Копенкин прекрасно помнил историю капитана Орехова, считавшегося им образцом неуместной наивности и закоренелого идиотизма. В семидесятые годы Орехова, работавшего в отделе КГБ, курировавшем инакомыслящих, внезапно настигло магическое просветление: он решил, что диссиденты, преследуемые спецслужбой, на самом деле являются умом, честью и совестью нашей эпохи, следовательно, думал Орехов, таким людям нужно всячески помогать. Эти капитан и занимался в течение нескольких лет. Предупреждал диссидентов о готовящихся обысках, облавах, указывал места, где спрятаны отслеживающие устройства - в общем стал добровольным "кротом". "Кротом" идейным, бескорыстным и таким же слепым. Деятельность Орехова была разоблачена, он отсидел восемь лет, а потом был выслан на Запад, где жил на жалкие подаяния различных организаций, пока они не забыли о его существовании и денежная струйка иссякла. Бывший капитан КГБ стал ночным развозчиком пиццы, о чем чуть ли не гордостью сообщал заезжим документалистам одного из американских каналов. Сомнительно, чтобы сам Орехов не осознавал всю идиотичность своей жизни. Перспективную работу в органах безопасности он поменял на восьмилетнее заключение и унизительную для него работу мальчика на побегушках. Его помощь диссидентам на самом деле не имела особых положительных результатов для самих диссидентов. Да и не могла иметь. Его наивное стукачество никому не было нужным: ни инакомыслящим, ни ему самому. Он был просто идиотом с капитанскими звездочками на погонах, и идти вслед за ним не хотелось ни Копенкину, ни многим другим, жившим, как он жизнью банальных советских двоякодышащих, вступивших с государством в брак по расчету, а не по любви.
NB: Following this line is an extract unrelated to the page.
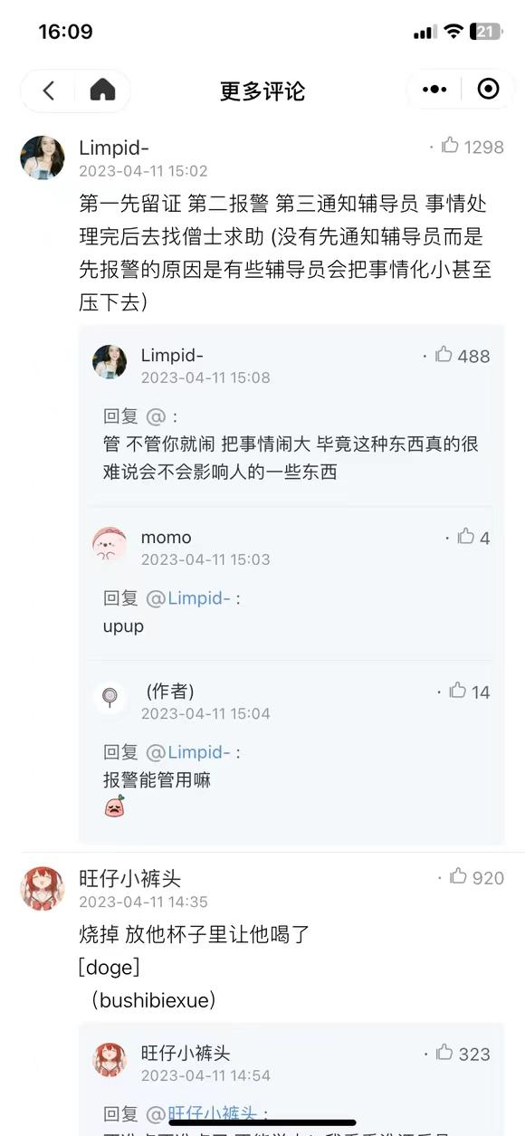 这篇帖子很快就引起了网友的注意,有人提议让女生先留证据再报警,先不要通知辅导员。怕辅导员会大事化小,小事化了,为了摆平问题,先摆平提出问题的人。也有人还出了一看就不靠谱的主意,让女生把东西烧了将灰偷偷放到室友的杯子里面。

Допив чай, Копенкин взял со стола папку с бумагами, найденными у Чудаськина, и пошел в кабинет к майору Шматько. Когда он вошел в кабинет, майор в состоянии глубокой задумчивости стоял лицом к окну, заложив руки за спину. Он вяло обернулся на стук двери, его худощавое и строгое лицо казалось лицом больного измученного человека. Шматько поздоровался с Копенкиным и снова уставился в окно.
- Ну что, читал? - спросил майор, не оборачиваясь. Голос его был усталым и сипловатым.
- По-моему, полный бред. Я ко всему привык, но такое... Шизофрения какая-то, честное слово. Понапридумывают там у них всякую чушь, а мы тут разгребаем, - стал разоряться Копенкин тоном дежурного возмущения, который он применял каждый раз, когда чувствовал, что именно этой реакции ждет начальство. - И книжонки его у меня еще лежат дурацкие. Тоже гадость редкая. Правильно, что этих "писунов", с позволения сказать, не пускают в народ. Нечему народу у них учится. (Сам Копенкин с удовольствием таскал эту литературу домой, копировал и давал почитать знакомым). Эту глупую писанину необходимо искоренять, как заразу...
- Но Чудаськин арестован не столько за это и ты прекрасно это знаешь, - прервал его майор. - Разве это не похоже на бред? Но ведь это правда. Правда до единой копейки. Если честно, я его бы в психушку отправил. Так надежнее. Но наверху решили, что лучше будет сослать его на спецпоселение. Может это и верно, может быть, - задумчиво ответил Шматько и, обернувшись к Копенкину, добавил. - Они посчитали, что слишком строгое наказание наведет его на мысль, что главная его провинность состоит вовсе не в этой белиберде, а в чем-то другом, о чем мы с тобой прекрасно знаем. Он даже в мыслях не должен допускать этого. Даже в мыслях. Что ж им там виднее. Может они и правы. Но мне почему-то так не кажется. Как по мне, так лучше бы его в психушку отправили. Там ему самое место. Глупый и неуместный гуманизм. Ну да хрен сними. Им виднее. Наше дело - край.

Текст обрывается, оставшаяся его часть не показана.